Me: Why did it take so long to send the results to my doctor?
Hospital: Our fax machine was down.
I always take two stairs at a time, that way if I fall, it’s only half the distance…..
me: is there anything i can say to stop you from leaving
wife: no
me: no
*comes outside months after coronavirus is done*
FRIEND: You didn’t have to quarantine that long.
ME: There’s been quarantines?
I somehow ended up with a set of 6 fake candles that work off a remote and the delight of the absolute power to light up the room from the couch was most unexpected.
My neighbor is doing yoga in the backyard. Legs behind his head and hands under his… No, wait, he fell off the roof again.
me: I always follow my moral compass
friend who’s lost in the woods with me: maybe we should’ve followed a compass compass
-That toaster oven looks worn out. Why are you still using it?
-Sentimental attachment.
-It just caught fire.
-Aww, just like old times.
(Disney Dating Tips)
1.Kidnap Dad
2.Coerce Daughter
3.Awkward music-filled dates
4.Angry mob danger
5.Stockholm Syndrome
-Beauty & the Beast
A dating app for people who suck at flirting called Fumble
‘I choose my underwear based on how likely I am to have sex. Today, I’m wearing a used grocery bag I found floating across the highway’
[INT. STARBUCKS – DAY]
Me: Theres a large rat in the bathroom
Barista: ?
Me: A large rat
Barista: ?
Me: THERES A VENTI RAT IN THE BATHROOM
Hornets: they’re terrified of us. Our name is fine.
Murder Hornets: ok boomer
Can we stop screwing around and make Pringles cans big enough to fit an entire hand? We have the technology
That’s a nice piñata you have there… it would be a real shame if something weren’t to happen to it.

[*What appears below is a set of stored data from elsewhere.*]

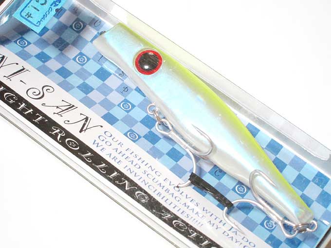 「デカイだけじゃアニキは勤まらねぇ!」ボディレングス100mmとシリーズ最大モデルながら、見ただけじゃわからないスパーリングローリングアクションを放ちながらシーバスを呼ぶ。キャスタビリティーもシリーズ最長で広く浅くサーチしてくる。意外と場所を選ばないのですが、「大場所」でこそ使って欲しいニーサンです。
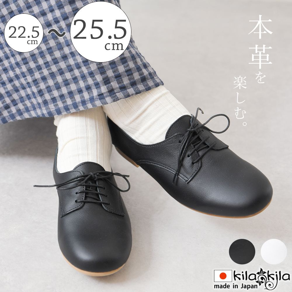 ★ゆとりがある方が好みなので、私は24.5cmを選びます。レースアップが足元の印象を引き締めてくれます。本革なので足当たりも良く、履き心地が良いです。
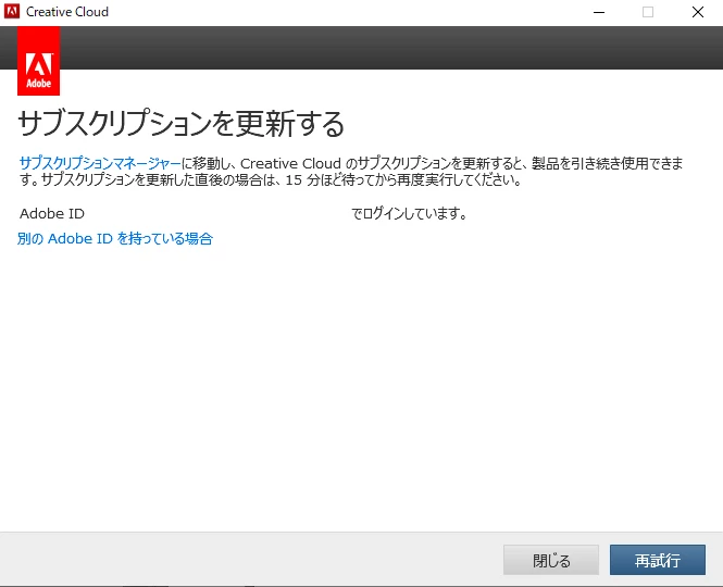 FireworksCS6を起動しようとしますと、サブスクリプションを更新するの画面が出て起動しなくなりました。
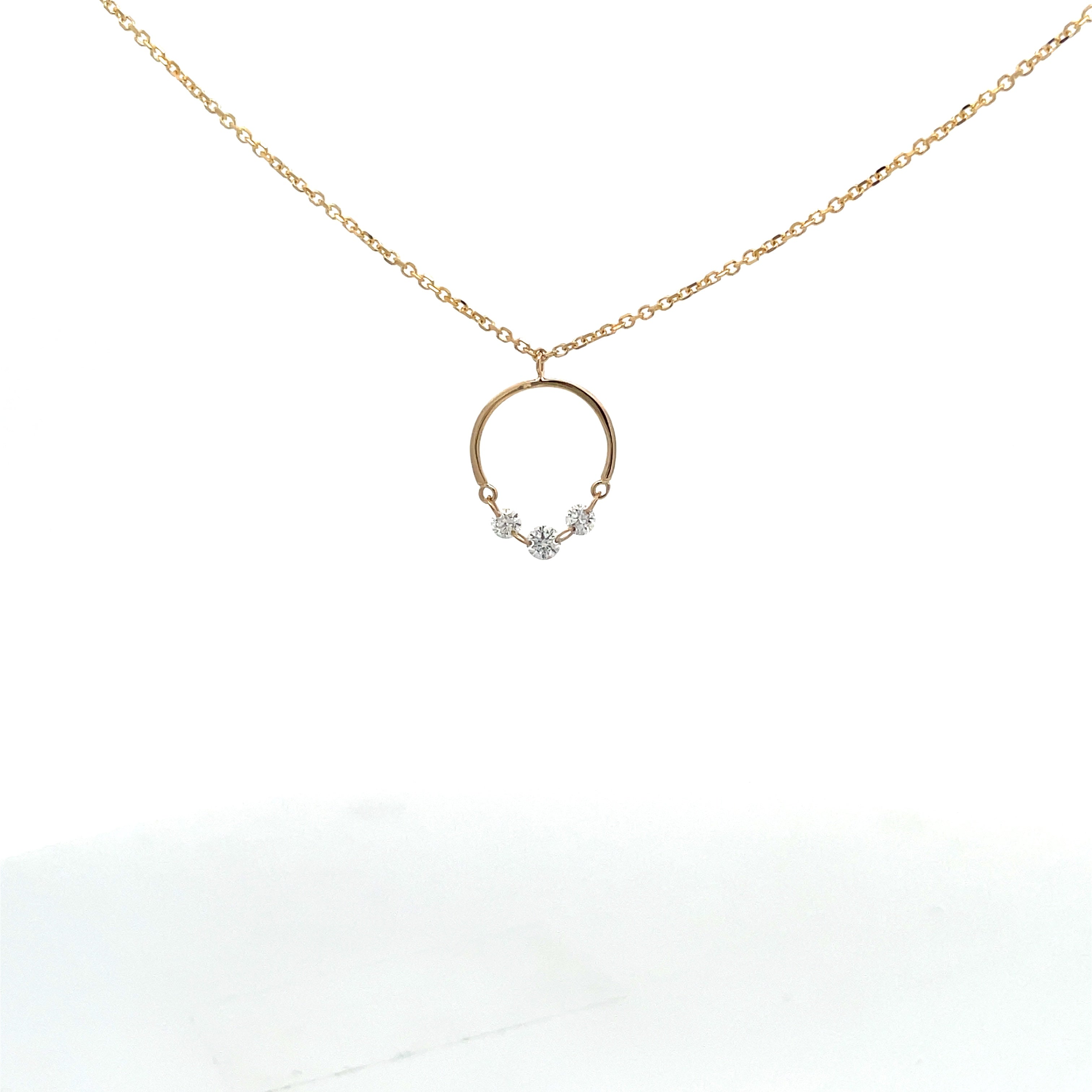 This stunning dancing diamond gold necklace features a delicate chain and a beautifully crafted circular pendant adorned with sparkling diamonds. Perfect for adding a touch of elegance to any outfit, this piece is ideal for both everyday wear and special occasions. .18tw
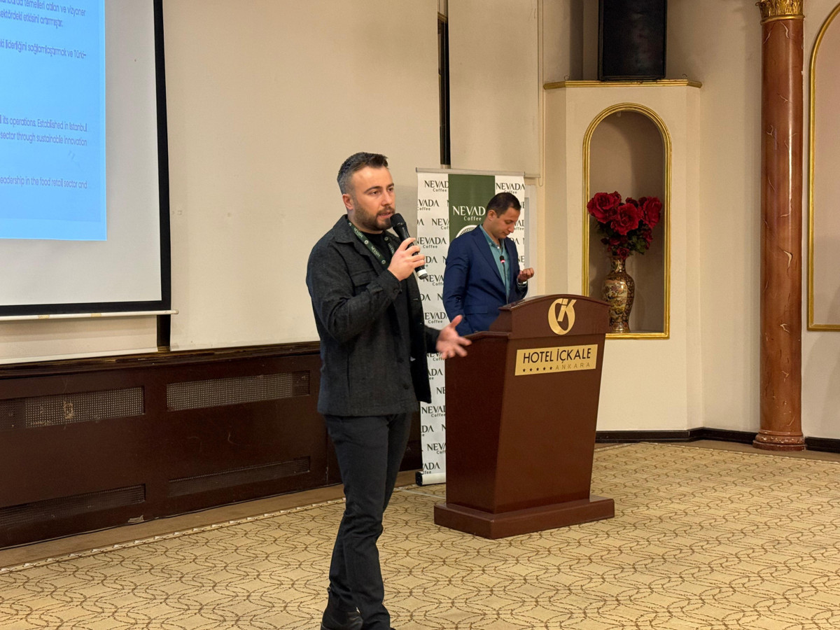 Toplantıda katılımcılara faaliyetlerini anlatan Nevco Holding Ortağı, Nevada Coffee Orta Anadolu Master Frenchise Genel Müdür Yardımcısı Kürşat Oğuz Çelebi kahve çekirdeklerinin özel olduğunu vurgulayarak, “Türkiye yıllık kahve tüketimi konusunda Avrupa’nın gerisinde. Türkiye’de şu anda kişi başı yıllık 1.8 ile 2.4 kilogram kahve tüketimi mevcut. Verilere bakıldığında kahve sektöründe üç dört kat büyüme öngörülüyor. İnsanlar kahveyi bir tüketim olarak görmemeli. Kahve bir yaşam, tarzı ve paydaş haline geldi. Kahve sektönünün büyümesinin nedeni budur. Nevada Coffe olarak 3 yıllık hikayemiz var. Kahve çekirdeklerimiz için Kolombiya’da 450 aile el işçiliğiyle çalışıyor. Kahvelerimizin lezzeti ve kalitesi de buradan geliyor. Yıl sonuna doğru 150. şubemizi açmayı düşünüyoruz. Ankara’da Batıkent Çakırlar’da ve Gordion AVM’de şubemiz açılacak” ifadesini kullandı.
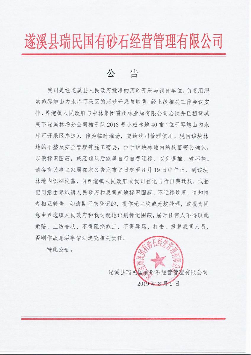 遂溪縣瑞民國(guó)有砂石經(jīng)營(yíng)管理有限公司公告
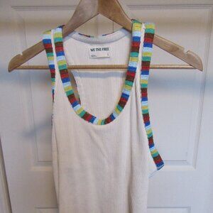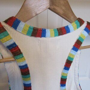 Features: Soft ribbed knit fabrication, low scoop-neckline, racerback-style, colorful contrast binding
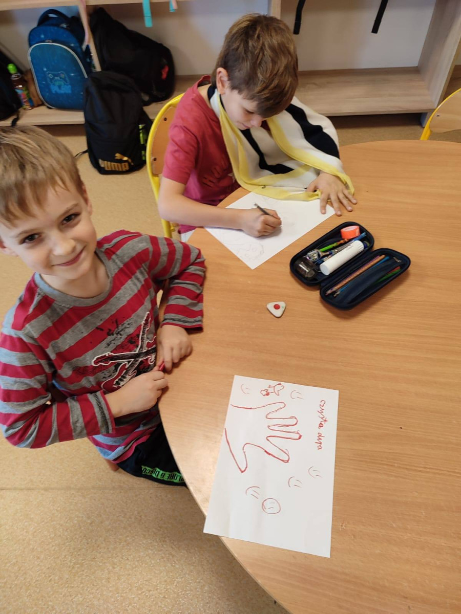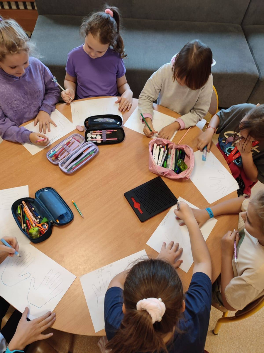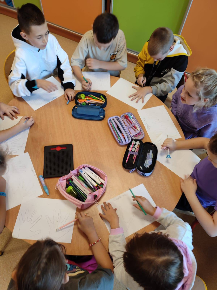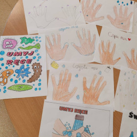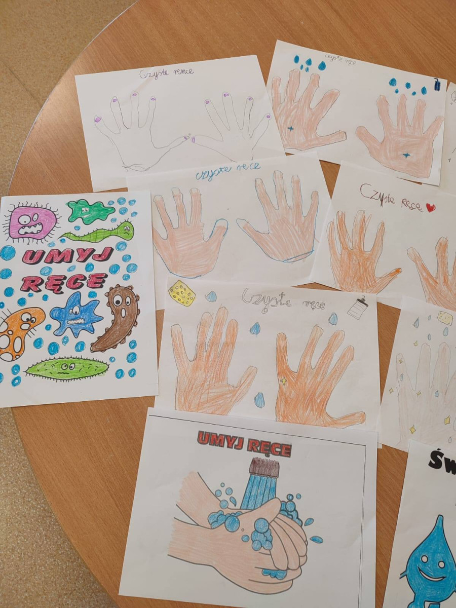 W tym ważnym dniu rozmawialiśmy o tym, jak istotne jest dbanie o czystość dłoni. Dzieci obejrzały film o prawidłowym myciu rąk, a potem… odrysowywały swoje dłonie i ozdabiały je kolorami, tworząc piękną galerię „czystych rąk”!
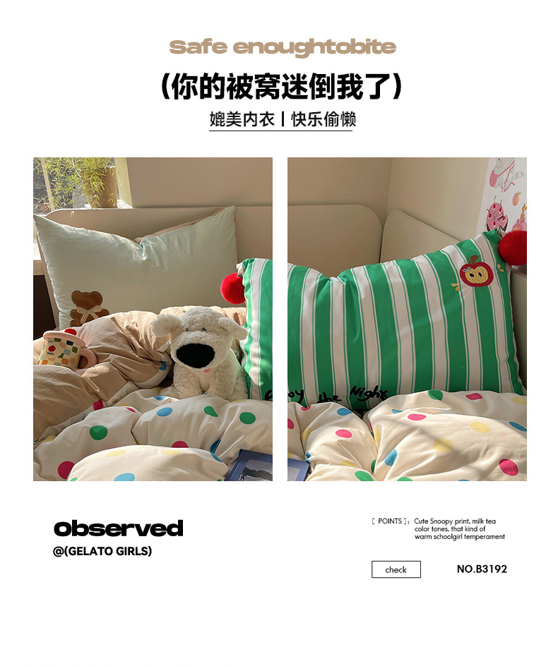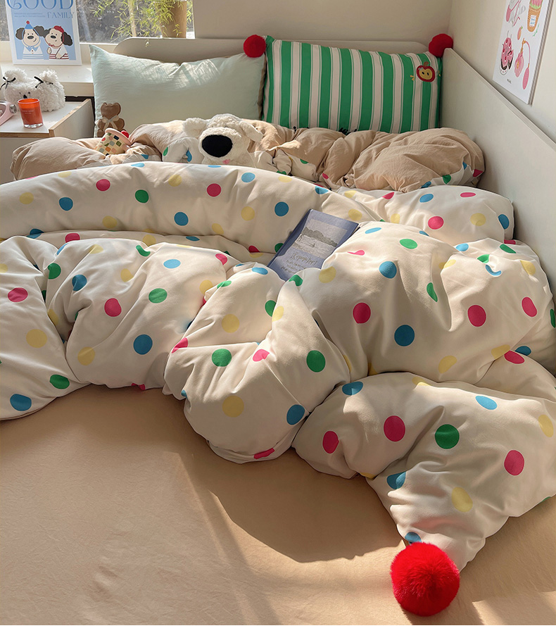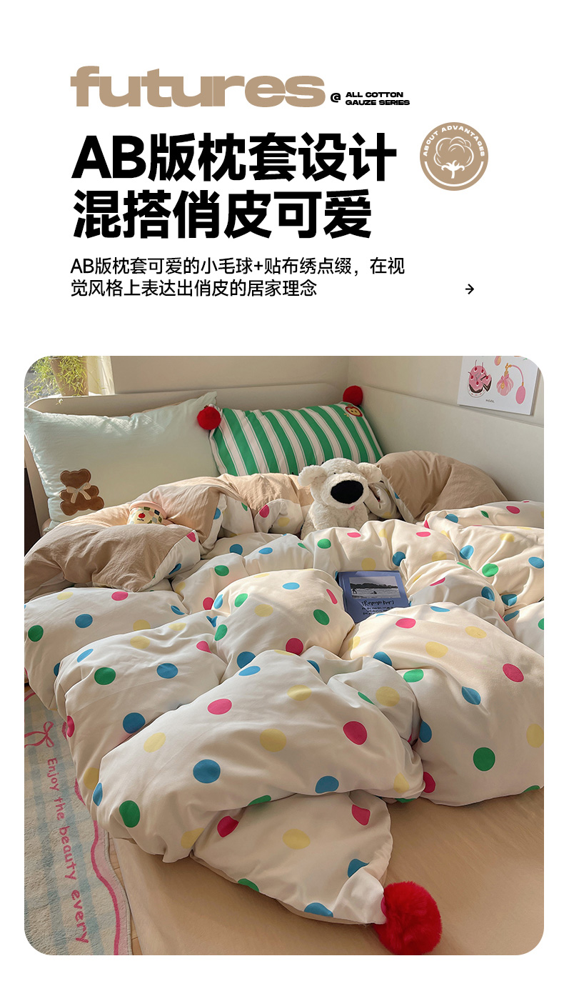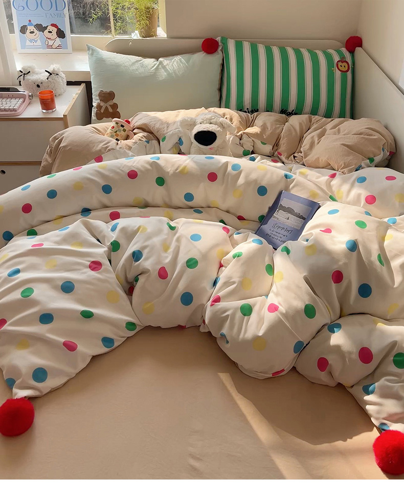 当前位置: 91家纺网 > 商品网购 > 床品套件 > 四件套 > 水洗棉四件套 > 轻奢坊 2025新款软萌可爱韩系贴布绣毛球款水洗棉四件套 波点小熊
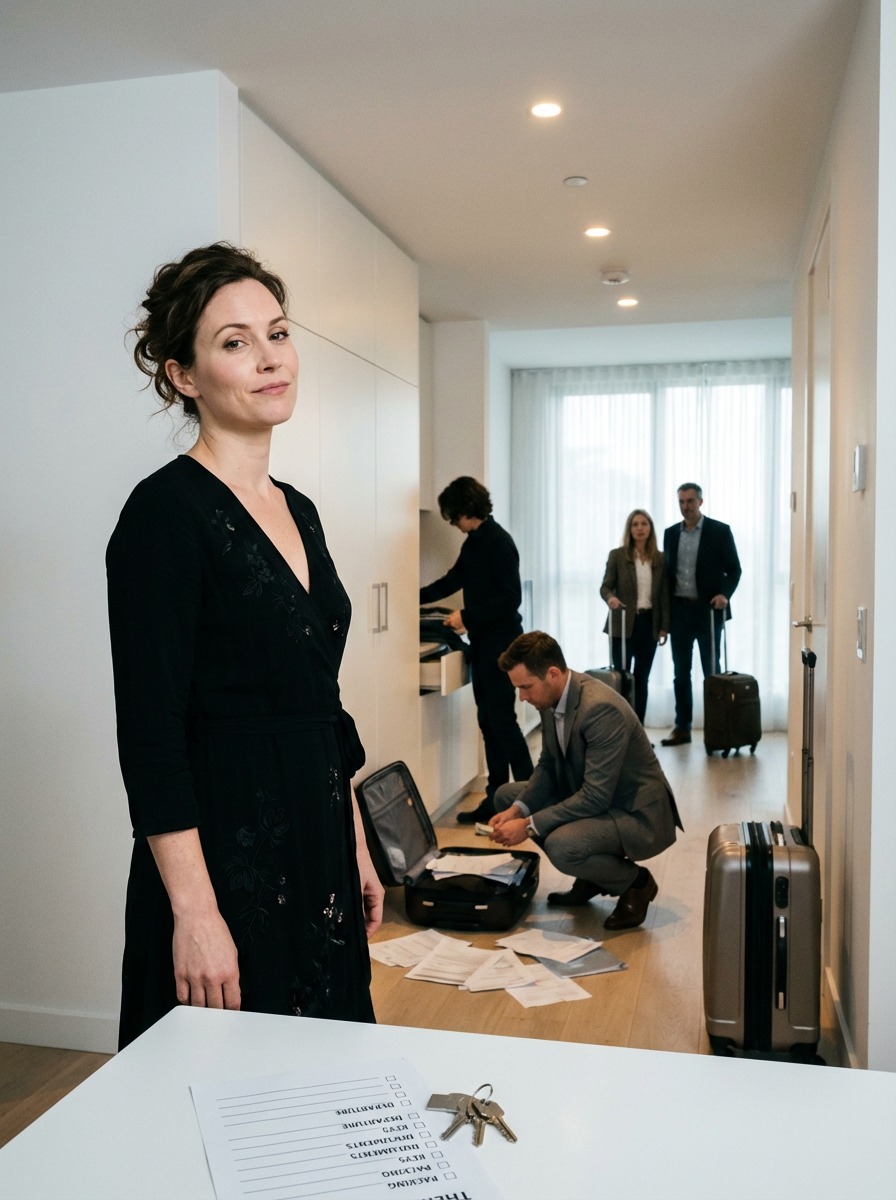 I found Marjorie Hale—my mother-in-law—and eight relatives moving through my home like a checkout line. Closets were open. Hangers dragged across wood. Suitcases were stacked in the hallway. On the dining table sat keys, envelopes, and a handwritten list:
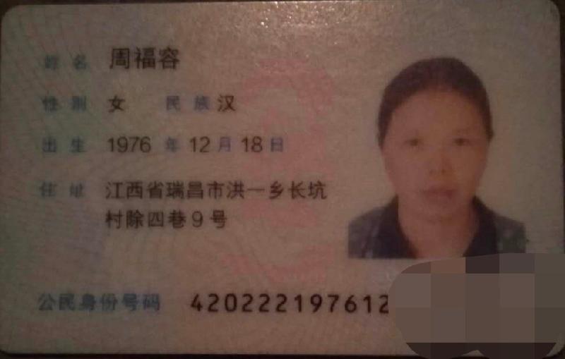 周福容,曾用名周红艳,女,1976年12月18日出生,操湖北省阳新口音,江西省九江市瑞昌市洪一乡长坑村四组人。
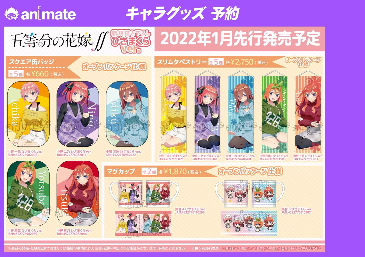 ベルハウスからTVアニメ『五等分の花嫁∬』新規描きおろし「ひざまくらver.」のグッズが登場です!
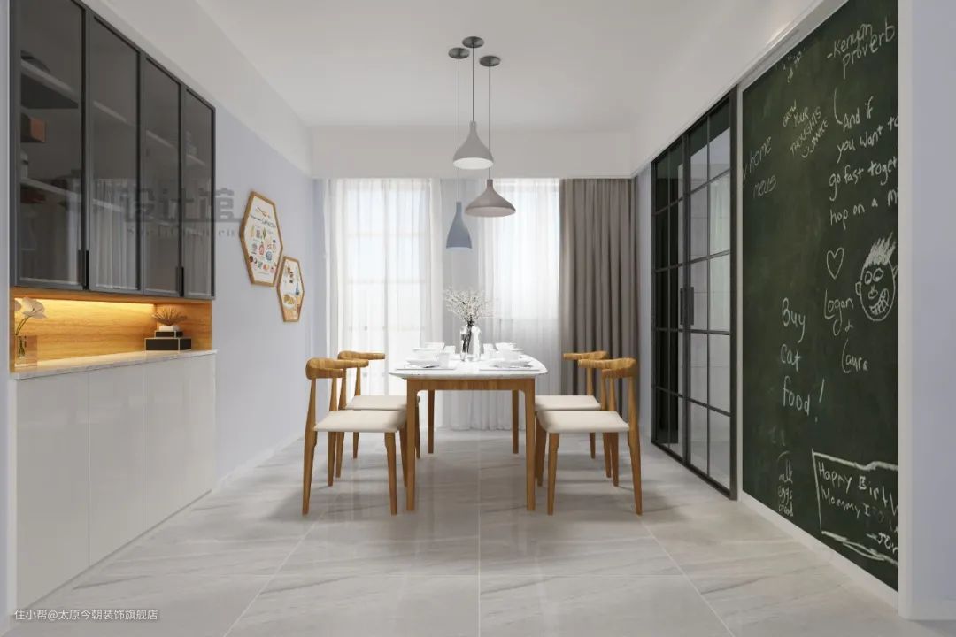 在设计的时候,可以提前把黑板墙规划好,无论是颜色还是造型图案上,巧妙合理的黑板墙设计,都可以让空间显得更加丰富有趣。

i feel like nothing is gonna happen to twitter idk i just always felt like this app would be here surviving at the end of the world like a cockroach
Unpopular Star Wars theory:
R2-D2 actually speaks English throughout the franchise, but all we hear is beeps because he won’t stop cussing
Me: Wake up
5-year-old:
Me: We’re late
5:
Me: The house is on fire
5:
Me: Your sister touched your stuff
5: *barrel rolls out of bed*
[Olive Garden]
PATRON: there are so many types of pasta
WAITER: [required to say this] yes…*clenches teeth* the pastabilities are endless
[first day in prison]
me: I was told to join the meanest, most violent group in here so I was wondering if you guys had a spot open
guard: what
Can’t. Trying to decide between hiding the presents in the dishwasher or the washer/dryer since I’m the only one in this damn house who uses them.
Mario has killed more turtles than straws have but we don’t ban him.
[movie studio in the 2010s]
“This script stars The Rock as-”
Studio: WE’LL MAKE IT
it’s only a faux pas if it’s from the faux pas region of france, otherwise it’s just a sparkling oops
I take the Benadryl to fight the allergies.
I take the coffee to fight the Benadryl.
I take the whiskey to fight the coffee.
I pet the cat because the whiskey makes me forgetful.
The cat gives me the allergies…
♾
Stop letting your dogs piss on fire hydrants. Some of us use those for parkour.
I have been revising my financial goals for 2023, and I think I am going to start saving up to buy a boat. A gravy boat
Working at a cheap mall store as a teen: “You may only carry a small clear bag that will be checked by security daily.”
Working at a bank: “Cool duffle bag!”
Packing in my 20s: Toothbrush and bikini
Packing in my 30s: Those things plus a swim suit cover up, 3 face creams, hair products to cover up postpartum hair loss, spanks, sensible shoes, and denture cream.
My wheelchair keeps making a screaming noise when I run over people.